Директор департамента
Шрифт:
Удивляться тут было нечему: раз на территорию райского сада проникли агенты дьявола, вполне возможны любые, даже самые необычные для здешних мест, эксцессы.
В зале были развешаны плакаты, призывавшие к бдительности, соблюдению полного порядка и абсолютной тишины.
«Бди! — гласил один плакат. — За ангельской личиной друга может скрываться сатанинский оскал врага».
Второй требовал в еще более категоричной манере:
«Не болтай! У агентов дьявола — дьявольский слух».
Иммигранты выглядели
«Лишь чужими глазами можно видеть свои недостатки».

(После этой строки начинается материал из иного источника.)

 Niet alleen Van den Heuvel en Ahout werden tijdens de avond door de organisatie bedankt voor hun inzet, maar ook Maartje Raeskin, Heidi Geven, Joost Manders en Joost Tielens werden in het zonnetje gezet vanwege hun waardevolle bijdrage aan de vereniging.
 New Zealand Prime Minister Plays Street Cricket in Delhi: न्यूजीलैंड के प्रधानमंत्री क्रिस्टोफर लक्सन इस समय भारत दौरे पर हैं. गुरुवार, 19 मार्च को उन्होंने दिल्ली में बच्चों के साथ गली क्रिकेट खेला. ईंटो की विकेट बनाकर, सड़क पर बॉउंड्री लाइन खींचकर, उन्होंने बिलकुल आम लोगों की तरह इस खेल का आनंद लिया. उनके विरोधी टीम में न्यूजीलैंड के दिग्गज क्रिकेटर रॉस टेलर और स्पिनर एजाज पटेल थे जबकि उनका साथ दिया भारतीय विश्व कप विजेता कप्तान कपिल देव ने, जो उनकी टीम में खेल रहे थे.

«Семь раз проверь один отрежь».
«Оглянись вокруг себя — нет ли тут предателя!»
Как только за столом президиума появились члены комиссии, в зале прекратились всякие перешептывания и взоры всех устремились на Макслотера.

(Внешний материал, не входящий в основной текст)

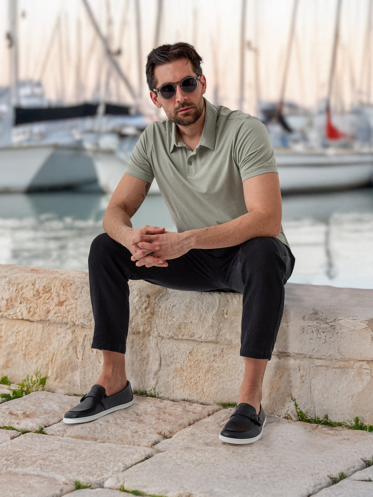 Amadeus moccasins for men combine minimalism with comfort. They are available in Black & White. The moccasins are decorated with a buckle, which you can match, for example, with an elegant belt. The Amadeus model is ready for every challenge – from important business meetings to weekend strolls. Choose your own way, express your unique taste.

Новый директор департамента расследований, он же председатель постоянной комиссии по делам иммигранте, объявил заседание открытым и вызвал первого эмигранта.
— Назовите ваше полное имя для протокола, — обратился он к высокой худой фигуре, занявшей место в свидетельском боксе.
— Авраам Линкольн.
— Ваша последняя должность на Земле?
— Президент Соединенных Штатов Америки.
— Та-ак…
Макслотер слегка поежился, вспомнив, какие искусные интриги ему не удалось довести до конца на родине. Но здесь ничто не могло помешать ему разделаться с любым заблудшим политиком. Все они в его власти. Стоит только пошевелить пальцем… А досье на Линкольна содержало немало компрометирующих данных.
— Мы внимательно изучили вашу биографию, мистер Линкольн, — Макслотер начал допрос решительно и властно. — В ней много туманных мест, и вы должны внести в них ясность.
Председатель поправил очки, полистал досье и продолжал:
— Просматривая ваши многочисленные речи, мы обнаружили в них чрезмерное, я бы сказал, патологическое пристрастие к слову «свобода». Вы вкладываете в него какой-то особый смысл, непонятный нам, людям XX века. Мы ожидаем от вас разъяснений по этому вопросу.
— Мир никогда не имел хорошего определения слова «свобода», — откликнулся Линкольн, — и американский народ как раз сейчас очень нуждается в таком определении. Мы все высказываемся за свободу, но, пользуясь одним и тем же словом, мы имеем в виду не одно и то же [8] .
— Вот именно, — озадаченно подтвердил Макслотер, начиная догадываться, куда клонит президент. — Вы, кажется, вздумали учить нас принципам свободы. Но мы давно воплотили их в жизнь в наших Штатах, Вы разве об этом не слышали?
8
«Показания» исторических деятелей, вызванных на заседания комиссии по делам иммигрантов, являются цитатами из их подлинных высказываний.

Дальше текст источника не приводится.